The Legal Ombudsman: more than a paper tiger
3 January 2014
Layard Horsfall Ltd v The Legal Ombudsman  EWHC 4137 (QB) – Read judgment
Adam Wagner represented the Legal Ombudsman in this case. He is not the writer of this post
Does the Legal Ombudsman have teeth? That was, in effect, the question before the High Court in Layard Horsfall, a judicial review brought by a former solicitor against a decision by the Ombudsman to reduce his fees following a complaint by one of his clients. The Court’s answer was a very clear yes. Where the Ombudsman has made her decision properly, taking relevant factors into account, it is likely to withstand judicial review challenge.
In this case, the solicitor in question, Mr Horsfall, had been convicted of a count of fraud following an investigation into his involvement in money laundering and had been imprisoned and struck off the roll of solicitors. His prison sentence served, he was now pursuing his former clients through the courts for unpaid invoices.
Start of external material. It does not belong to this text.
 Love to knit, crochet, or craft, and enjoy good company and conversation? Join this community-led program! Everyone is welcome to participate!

He appeared on behalf of his firm with the court’s permission, arguing that the Ombudsman’s decision to reduce his fees from £5,000 including VAT to £1,500 plus VAT (in a case which had nothing to do with the money laundering allegations) was in excess of jurisdiction and was irrational.
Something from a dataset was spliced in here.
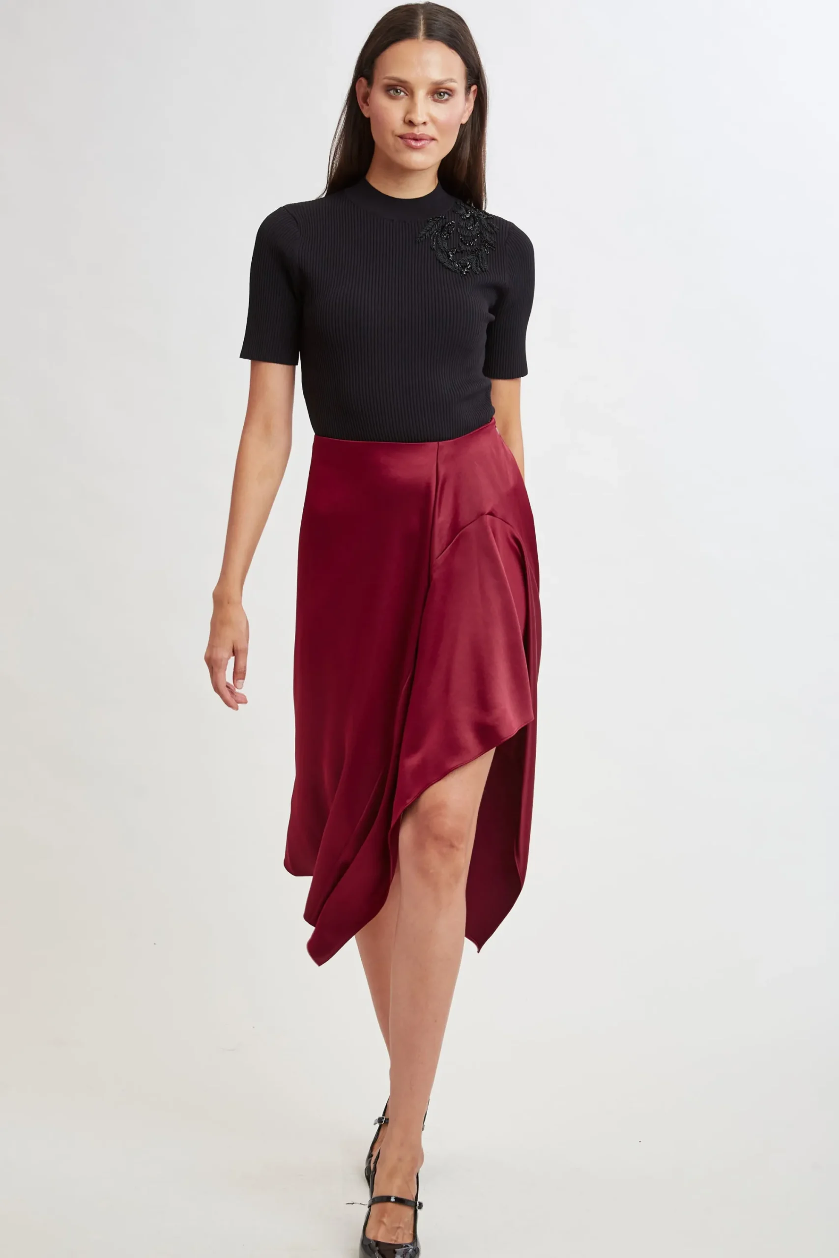 Indulge in the fluid elegance of our Asymmetric Hem Satin Midi Skirt. The skirt drapes beautifully and moves gracefully …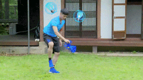 比赛踢毽子,这样大概可以快速踢很多而且永远不掉下来吧。

The manner in which Mr Horsfall argued his case gives this judgment wider application, as the Court rejected his arguments in turn. He argued (1) that the Ombudsman lacked jurisdiction to entertain a complaint in relation to the quantum of fees contractually due, (2) that the complaint was out of time (on the basis that the complainant had waited following the Ombudsman’s predecessor’s advice for him to issue an invoice for £5,000 rather than formally making her complaint at the time of the alleged poor service), and (3) that the Ombudsman’s decision was irrational.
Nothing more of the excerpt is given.